Lawmakers also waded into the inflation-fighting battle with an inquiry into the influence of supermarkets and whether manufacturers are gouging consumers on food costs. French cooks are also paying more for staples like carrots and butter, driving up the cost of a traditional coq au vin by almost 15% in a year.

One group that seems immune to rising prices is the mega-wealthy. London enjoyed its best year for sales of luxury properties above £10 million ($12.5 million) since before 2016’s Brexit vote.

Speaking of Brexit, the prime minister also faced a backlash among some big-name Tories after he retreated from a pledge to scrap a range of European Union laws. When Sunak stood for the party leadership he promised to review or repeal 2,400 EU laws in his first 100 days in office, and issued a campaign video showing EU documents being shredded. That’s not happening now, and the Brexit faithful are none too pleased. Former business secretary Jacob Rees-Mogg compared the UK prime minister to the Borgias — a Renaissance Italian family that became a byword for cruelty, immorality and lust for power.
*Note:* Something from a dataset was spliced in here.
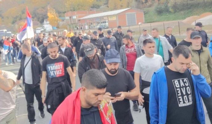 NI LOŠE VREME IH NE ZAUSTAVLJA, ORI SE PESMA "LAZARICA" Srbi sa KiM nastavljaju pešačenje ka Novom Sadu

There’s a power shift at Man Group, which will have a woman at the helm after 240 years of male leadership. The world’s largest publicly listed hedge fund firm named Robyn Grew as chief executive officer; she’ll succeed Luke Ellis on Sept. 1. Man is also getting its first female chair, Anne Wade, who replaces John Cryan later this year.

Finally, more than 20 years after London introduced its congestion charge, New York may be getting one too. Motorists driving south of 60th street in Manhattan may have to pay as much as $23 starting next year. London drivers cough up £15 ($18.70) to access central parts of the city. A much larger swath of the capital is designated an ultra-low emission zone.